**Work instruction:** Retype, word for word, the line holding "med fotonr. 4544:1-35.'" and each line after it down to the end of the data; pictures are not copied.

**Given information:**
========================================================================
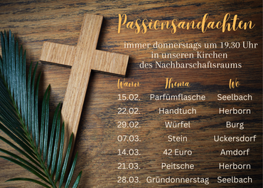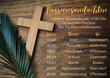 In diesem Jahr machen wir uns im Nachbarschaftsraum gemeinsam auf den Weg Richtung Ostern. Mit sechs Passionsandachten, welche von den sechs Pfarrpersonen im Nachbarschaftsraum gestaltet werden, wollen wir uns diesem Ereigniss annähern, welches zentral in der Mitte der christlichen Botschaft steht.
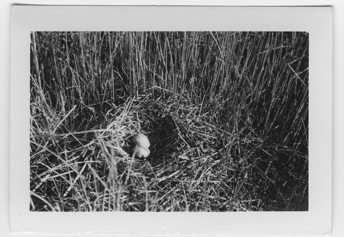 'Bo med 2 st ägg av dvärgmås. :: :: Text på baksidan av fotot: ''Dvärgmåsens bo med 2 st fullruvade ägg, det enda boet i skrattmåskolonin på ca 300 par. Ingengör F. Reuterwall, Varberg, meddelade mig att han sett dvärgmåsen ett par år, men trodde inte att den häckade där. Reden var 40 cm hög och 20 cm i diameter samt bestod av torrt starrgräs.'' :: :: Ingår i serie med fotonr. 4544:1-35.'
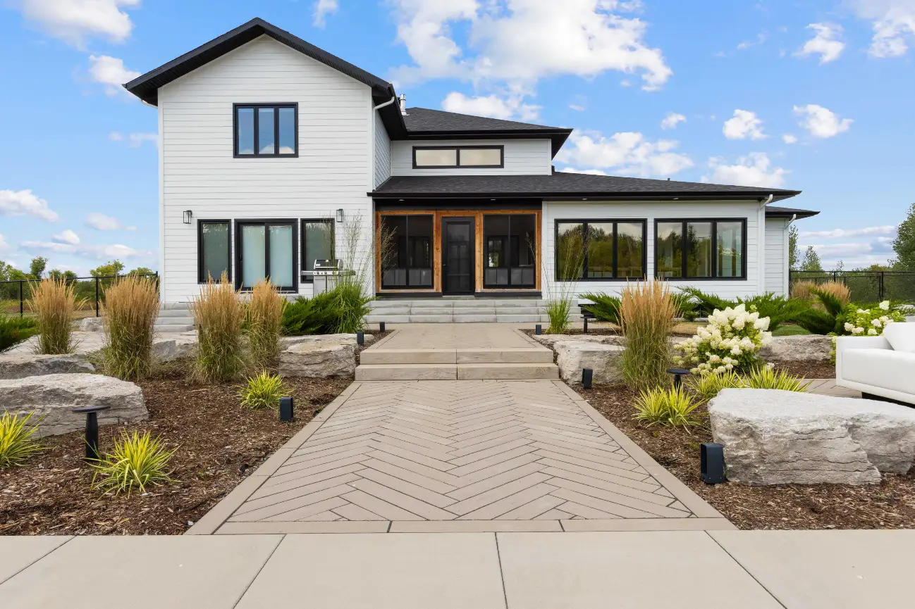Starting from a blank canvas on a new-build property, this project was designed to deliver a minimalist landscape that still felt substantial enough to match the scale of the home and surrounding grounds. The vision centered on clean lines, restrained material selection, and a composition that would feel both modern and inviting.
========================================================================
**Your response:**
 'Bo med 2 st ägg av dvärgmås. :: :: Text på baksidan av fotot: ''Dvärgmåsens bo med 2 st fullruvade ägg, det enda boet i skrattmåskolonin på ca 300 par. Ingengör F. Reuterwall, Varberg, meddelade mig att han sett dvärgmåsen ett par år, men trodde inte att den häckade där. Reden var 40 cm hög och 20 cm i diameter samt bestod av torrt starrgräs.'' :: :: Ingår i serie med fotonr. 4544:1-35.'
Starting from a blank canvas on a new-build property, this project was designed to deliver a minimalist landscape that still felt substantial enough to match the scale of the home and surrounding grounds. The vision centered on clean lines, restrained material selection, and a composition that would feel both modern and inviting.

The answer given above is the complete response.